全員が成人してからずっと集まりたい、て言うてたんやけど、なかなか都合が合わんでな…結局、集まろうて言い始めてから2年ほど経ってしもた。ようやく今日、全員の都合が合うたわけや。
…まぁ、若先生と神楽は当然ながらおらんけど。
それでも久しぶりに集まれんのは、実は結構楽しみだったりするんや。ガラやない、て笑われるやろうから絶対に言わんけどな。
「あっもう皆揃ってんで子猫さん!」
「ほんまや!遅なりましたー」
「志摩くん、三輪くん、久しぶり!」
「お久しぶりです、杜山さん、神木さん。…あれ?奥村くんは?」
子猫に言われて、発案者である奥村の姿がまだないことに気ぃついた。ちゅーか、発案者が遅刻するてどないやねん…3年経っても相変わらずなんやなぁ、アイツは。
杜山さんによれば、今日は簡単な任務だったはずだからそれが理由で遅れとるわけやないらしい。あるとすれば、報告書作成で手間取ってるんやないか、やて。ああ、何となしにその光景、目に浮かぶわ。
学生ん時も座学が苦手な奴やったしなぁ…ああいうちまちま作るもんとか、苦手そうではある。
…ま、予約しとる時間まではまだ少しあるし待っとればええか。
「ん?あれ、奥村じゃない?」
「本当だ!りーんー!!」
「わりぃ、わりぃ!出る時に電話きちまってさ…」
「しゃあないやっちゃなぁ。…ほんで?これで全員やんな?」
「おー。宝とシュラにも声かけたけど、2人とも長期任務で無理だってさ」
…宝、長期の任務がなかったら来る気やったんか。なんや意外やなぁ。てか、霧隠先生にまで声かけてたんやな…まぁ、同窓会っちゅー名目やし、あのお人がおっても間違いではないけど。

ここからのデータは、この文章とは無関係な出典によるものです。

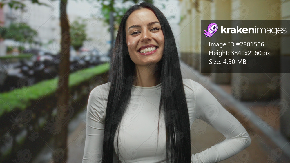 Hispanic woman smiling brightly outdoors on a city street surrounded by urban architecture on a sunny day.

けど、霧隠先生が来てたらえっらい量を飲みそうやなぁ。
「人数が人数だからさ、奥の個室予約しといた。だから周り気にしなくても大丈夫だぜ」
「ふぅん…アンタにしては気が利くじゃない」
「久しぶりに揃うし、その方が気兼ねなく話せるから嬉しい!」
案内された部屋は確かに大人数用の個室。襖で仕切られとるから、周りの目ぇとか気にせんでええな…至る所から声が聞こえんのは、まぁしゃあないやろ。個室言うても居酒屋やしな。

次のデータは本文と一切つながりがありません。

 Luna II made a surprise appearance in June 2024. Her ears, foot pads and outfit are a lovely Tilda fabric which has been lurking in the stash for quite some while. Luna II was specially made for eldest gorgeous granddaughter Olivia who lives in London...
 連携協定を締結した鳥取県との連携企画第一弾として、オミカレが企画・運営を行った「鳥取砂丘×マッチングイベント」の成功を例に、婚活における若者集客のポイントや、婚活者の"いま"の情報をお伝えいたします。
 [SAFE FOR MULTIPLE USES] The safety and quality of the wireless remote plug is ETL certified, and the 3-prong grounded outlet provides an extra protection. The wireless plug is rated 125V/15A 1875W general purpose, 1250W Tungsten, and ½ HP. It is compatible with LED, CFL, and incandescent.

各々、好きなように座って、好きな酒や料理を注文していく。皆で飲むんは初めてやけど、女2人はどれだけ飲むんやろか。勝手なイメージやけど、杜山さんはあんまり飲めそうにないやんなぁ。神木は、…多少飲めそう。
…と、思っとったら2人は生ビールをジョッキで頼んどった。あれやな、これは飲める人らや。うん。
そうこうしとるうちに注文した酒と簡単なつまみがきて、飲み会スタート。
「そういえば燐。雪ちゃんと連絡取ってるの?」
「たまにだけどなぁ。研修っつっても、任務にもばんばん行かされてるらしくて忙しいみたいだぜ?」
「まぁ、元々祓魔師として働いてたわけだし…そうなるでしょうね。そういえば、アンタ達は神楽と連絡取ってないの?」
神木の問いかけに、志摩と子猫と顔を見合わせ、3人揃って首を振る。
意図的に取ってない部分もあるけど、アイツ、携帯を海外用にしとらんからなぁ…連絡しても無駄なんとちゃうかな。
…それにもし、取れたとしても。連絡取ってしもたら、余計に会いたくなりそうやとも思う。声なんぞ聞いてしもたら、もう完全アウトや。
俺達の答えに気のない返事をした神木は、少しだけ寂しそうにも見えた。こいつもアイツと連絡は取ってないんやろな…もしかせんでも、アイツがどうしとるか気になっとんのやろか?
「…あ、神楽も元気にしてるみたいだぜ?たまに雪男がアイツの近況も教えてくれる」
「えっそうなの?!」
「元気なら良かったわぁ、無茶するお人やから心配やってん」
「ちっこい怪我はやっぱりしてるみたいだけどさ、大きな怪我はいまんとこ、雪男も神楽もしてねーって」
奥村の言葉を聞いて、めっちゃ安心した。
志摩の言う通り、神楽はちっさい頃から無茶する奴やったから、もしかしたら向こうでも怪我とかしとるんちゃうか、て思っててん。せやから、ほんまに元気やという事実に安堵したんや。
会えんでも、怪我なく元気でおるんならそれでええ。それだけ聞ければ十分や。
そういや、俺ん中では高校ん時の姿で止まってるんやけど、今のアイツはどうなっとるんやろ。杜山さんや神木を見る辺り、やっぱり大人っぽくなっとんのかなぁ。
…あかんなぁ。こんなことばっか考えとると、どうしても会いたくなってまう。早く、帰ってこんやろか。
頭を緩く振って、盛り上がっとる皆の会話の輪に混ざり直した。
「あれ?奥村くん、携帯鳴っとるよ?」
「ほんとだ、サンキュー子猫丸!……もしもし?」
俺達から少し離れた所で話し始めた奥村。なんや、ああいう気遣い出来るようになっとるんやなー…ちょお意外や。
程なくして電話を終えた奥村はえらい嬉しそうな表情で席に戻って来た。何ぞええことでもあったんか?全員、気になるらしく首を傾げとる。
「アンタ、なにニヤニヤしてんの?」
「んー?来れない、と思ってた奴らが今から来るんだよ!」
「来れない、て…宝くんと霧隠先生のこと?でも長期任務や、て会うた時言うてなかった?」
結局、誰が来るのかよくわからぬまま。奥村自身も決して名前を言おうとせえへんし。
ま、もうすぐ来るらしいからすぐに誰のことかわかるからええんやけど…何でこないに嬉しそうにしとんのやろ?
疑問は数多くあれど、ひとまず新しく頼んだ酒に口をつけることにした。
電話を切ってから数分。賑やかな声に交じって足音が聞こえたような気がした。
その足音は俺達が飲んでる部屋の前で止まり、襖が遠慮がちに開いて…そこから顔を出したんは、誰も来ると予想しておらんかったお人ら。